Scott Elder has a pretty typical morning routine. He wakes up at 7 a.m., drinks coffee and feeds the dogs, Bella (a rat terrier) and Spencer (a Chihuahua). But on Jan. 12, 2022, Elder's routine was interrupted by a concerning phone call.
Elder is the superintendent of Albuquerque Public Schools in New Mexico, and the call came from his district's IT department, saying they had found some sort of computer virus.
He recalls thinking, "Oh, we've got a bug in the system and they found it so they'll just kill it and we'll be done, right?"
The bug was in the student records system. So Elder's IT staff shut that network down. But that meant teachers wouldn't have access to basic information about the almost 70,000 students enrolled in New Mexico's largest school district.
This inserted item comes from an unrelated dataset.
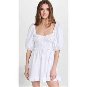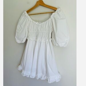 Altar’ State • Ruffle Trim Short Puff Sleeve Dress in White

Educators couldn't take attendance, wouldn't know children's bus routes and were locked out of grading systems.
Meanwhile, IT staff was desperately trying to figure out whether the computer virus had spread to their health records, security system and payroll.
Over the course of the morning, Elder began to understand the enormity of the situation.
"I would say that I went from mildly disturbed at 7 a.m., to very concerned by 9 a.m., to sick to my stomach by noon because I was beginning to realize that this was not a one-day event, that we had a real problem."
Then came the ransom demand for more than a million dollars.
School systems of every size have been hit by cyberattacks, from urban districts like Los Angeles and Atlanta, to rural districts in Pennsylvania and Illinois. And the problem has been growing.
While it's hard to know exactly how many K-12 school systems have been targeted by hackers, an analysis by the cyber security firm Emsisoft estimates that 45 school districts were attacked in 2022. In 2023, Emsisoft found that number more than doubled, to 108.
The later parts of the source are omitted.